## Assignment
Leaving out every picture, please repeat exactly the line that contains "- uno sui toni" and each line after it through the final line below.

---

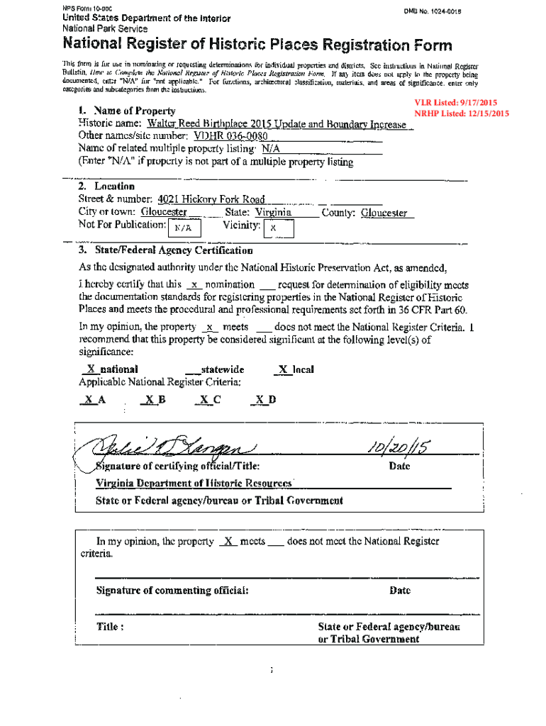 NPS Form 109000 MB No. 10240018United States Department of the Interior National Park ServiceNational Register of Historic Places Registration Form This form is for use in nominating or requesting
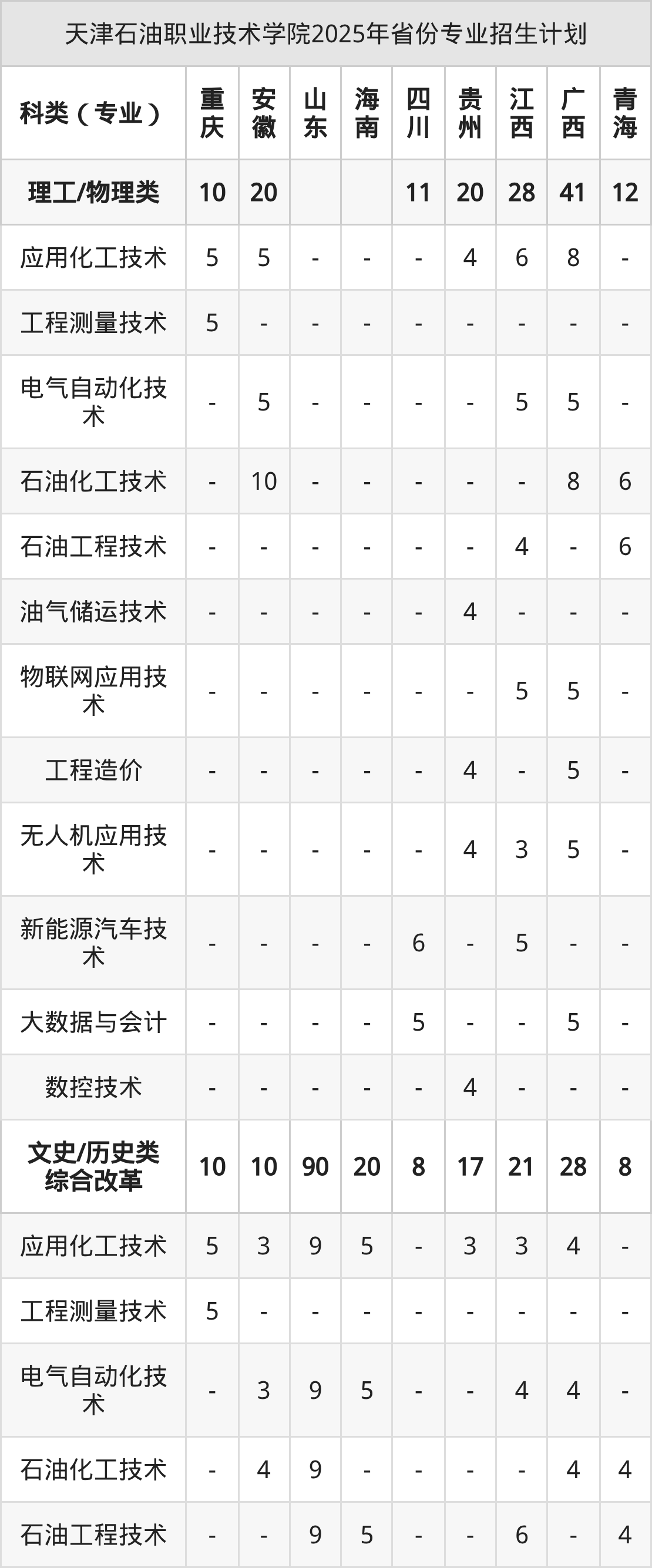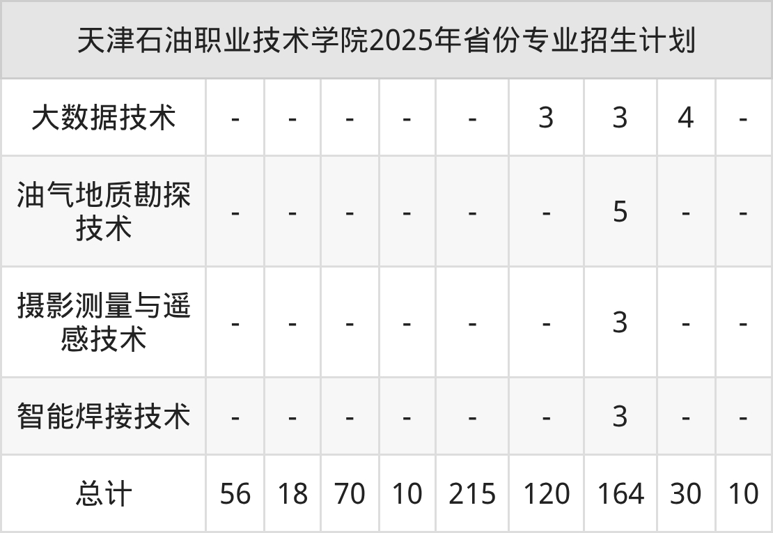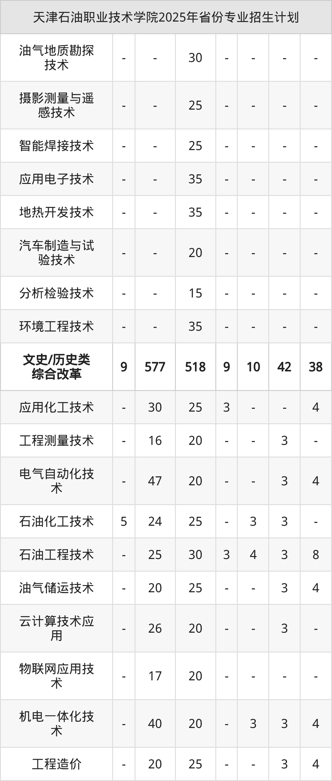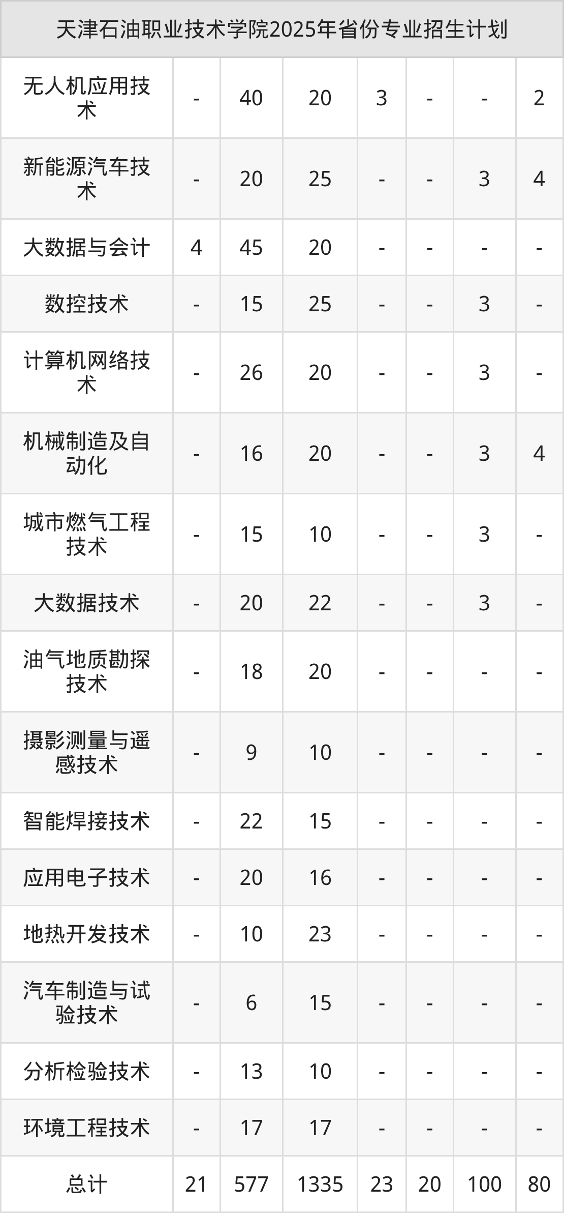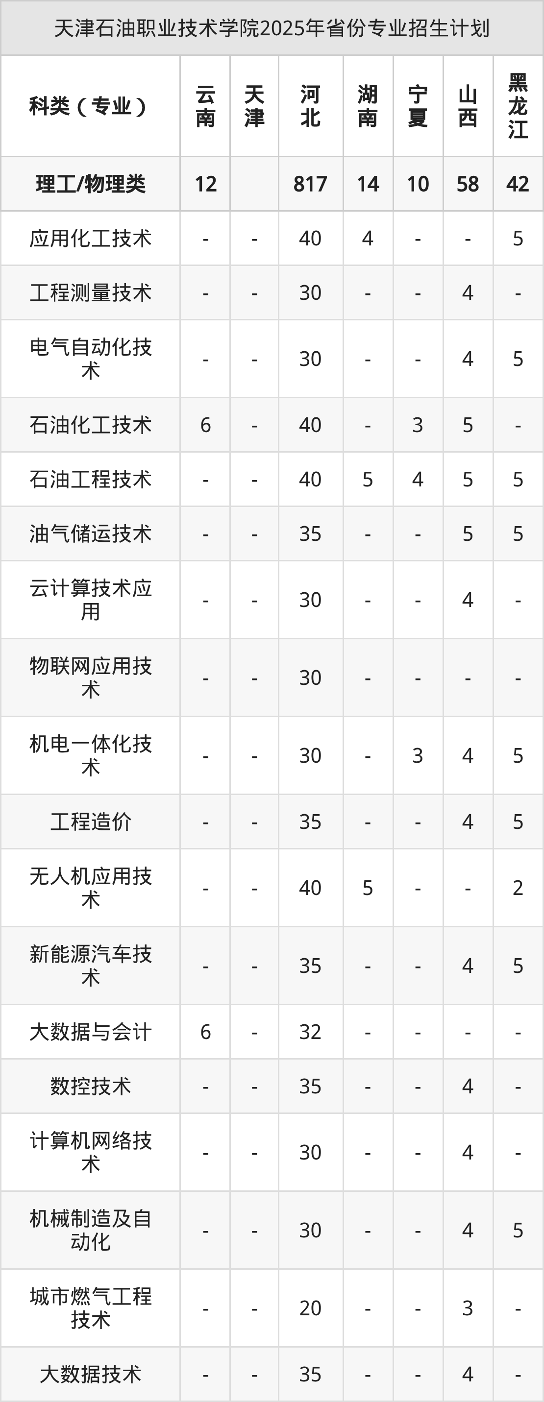 2026年天津石油职业技术学院专科招生计划待公布,下面附上2025年数据,暂供参考:
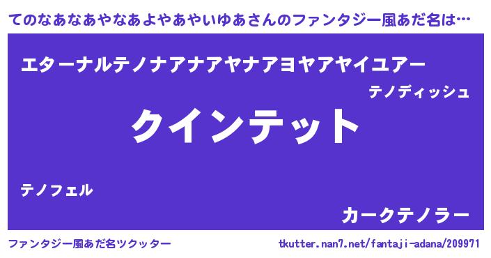 | 伝説のあだ名 | 『救世主となる占い師てのなあなあやなあよやあやいゆあ』 |
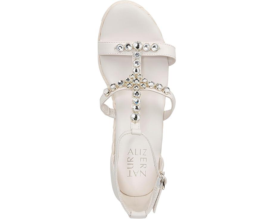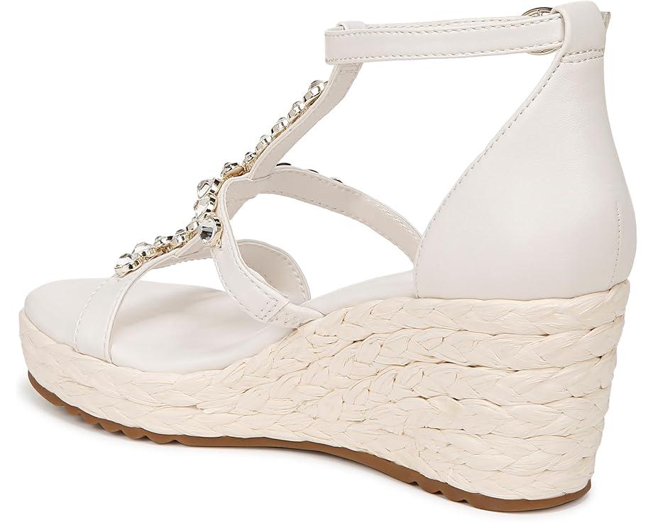 Get a next-level gleaming party look donning the Naturalizer® Serena Ankle Straps. This wedge sandals feature sparkling stone embellishments on the straps for a splashy touch, contour+ comfort technology for a premium fit, and synthetic and metallic upper.
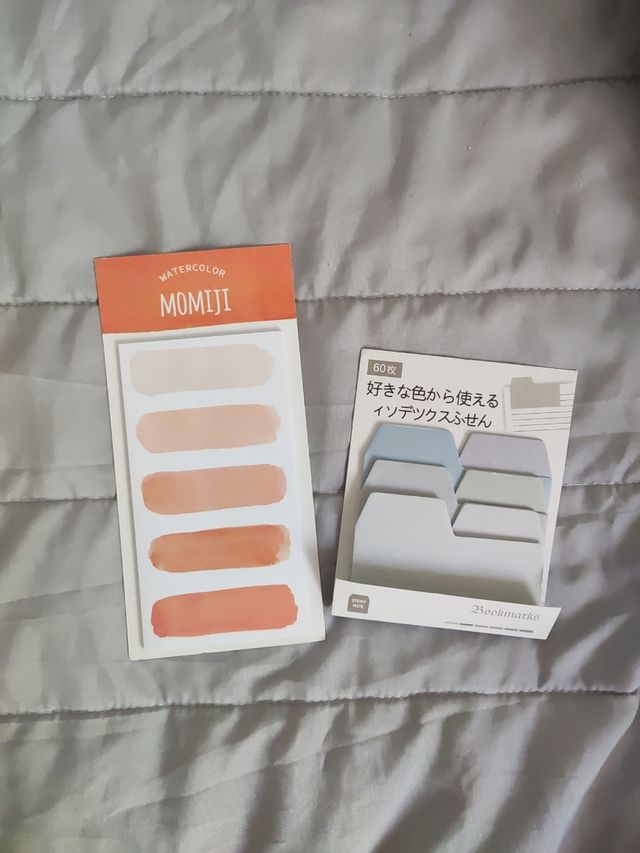 - uno sui toni del grigio e dell'azzurro composto da segnapagina/post-it di dimensione compresa tra 4,5 x 7 cm e 7 x 7 cm.
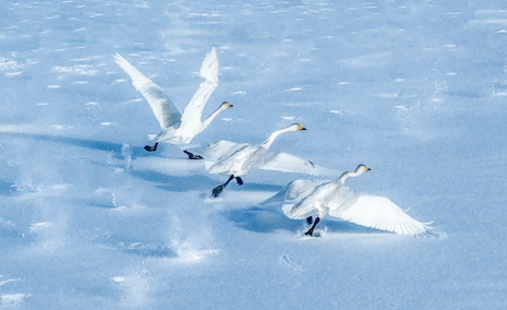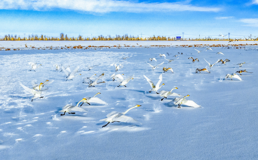 春节期间,栖居在草湖国家湿地公园的越冬大天鹅用轻歌曼舞迎接新春到来。
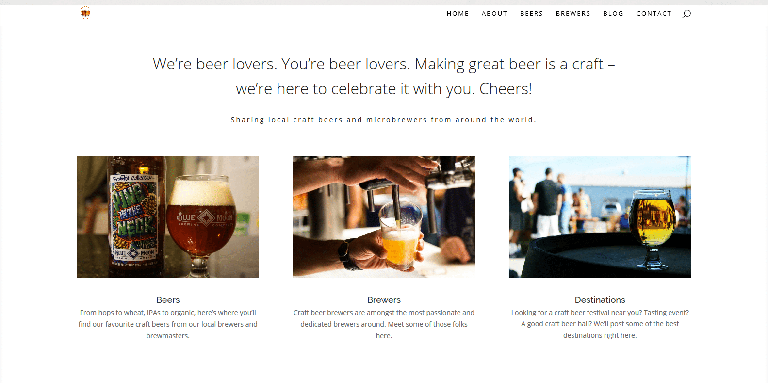 A single column content area keeps attention focused on the site’s goals: great beer, great pictures, great site.
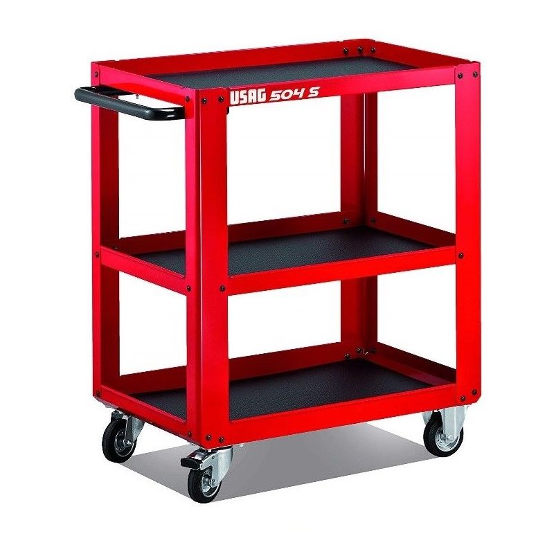 CARRELLO A 3 RIPIANI MULTIUSO - Modello a 3 ripiani con tappeti in materiale plastico ad alta resistenza - Bordi anticaduta su tutti i ripiani per evitare la caduta di oggetti durante il trasporto - Maniglia in acciaio per una maggiore manovrabilit� - Due ruote pivottanti (� 100 mm) e due ruote fisse (� 100 mm) di cui una con freno - Fornito smontato - Portata max: 200 Kg
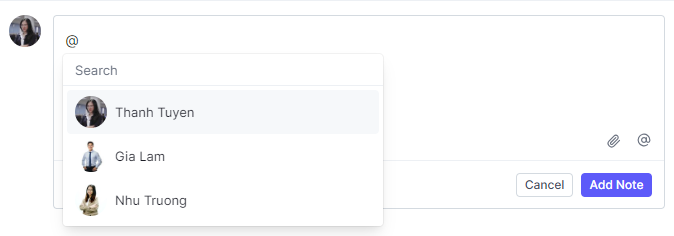 Mention team members by typing or clicking “@” and selecting a name from the drop-down list. Only the members of the hiring team for that job and Administrators will appear.
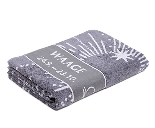 Gözze sauna handdoek met sterrenbeeld Weegschaal - 80 x 180 cm - antraciet/zilver
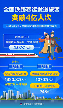 【新華社北京3月3日電】(記者樊曦)記者3日從中國國家鐵路集團有限公司獲悉,截至3月2日,全國鐵路春運累計發送旅客4.07億人次。其中,3月2日,全國鐵路發送旅客1320.8萬人次,運輸安全平穩有序。3月3日,全國鐵路預計發送旅客1070萬人次,計畫加開旅客列車743列。

---

## Output below
 - uno sui toni del grigio e dell'azzurro composto da segnapagina/post-it di dimensione compresa tra 4,5 x 7 cm e 7 x 7 cm.
 春节期间,栖居在草湖国家湿地公园的越冬大天鹅用轻歌曼舞迎接新春到来。
 A single column content area keeps attention focused on the site’s goals: great beer, great pictures, great site.
 CARRELLO A 3 RIPIANI MULTIUSO - Modello a 3 ripiani con tappeti in materiale plastico ad alta resistenza - Bordi anticaduta su tutti i ripiani per evitare la caduta di oggetti durante il trasporto - Maniglia in acciaio per una maggiore manovrabilit� - Due ruote pivottanti (� 100 mm) e due ruote fisse (� 100 mm) di cui una con freno - Fornito smontato - Portata max: 200 Kg
 Mention team members by typing or clicking “@” and selecting a name from the drop-down list. Only the members of the hiring team for that job and Administrators will appear.
 Gözze sauna handdoek met sterrenbeeld Weegschaal - 80 x 180 cm - antraciet/zilver
 【新華社北京3月3日電】(記者樊曦)記者3日從中國國家鐵路集團有限公司獲悉,截至3月2日,全國鐵路春運累計發送旅客4.07億人次。其中,3月2日,全國鐵路發送旅客1320.8萬人次,運輸安全平穩有序。3月3日,全國鐵路預計發送旅客1070萬人次,計畫加開旅客列車743列。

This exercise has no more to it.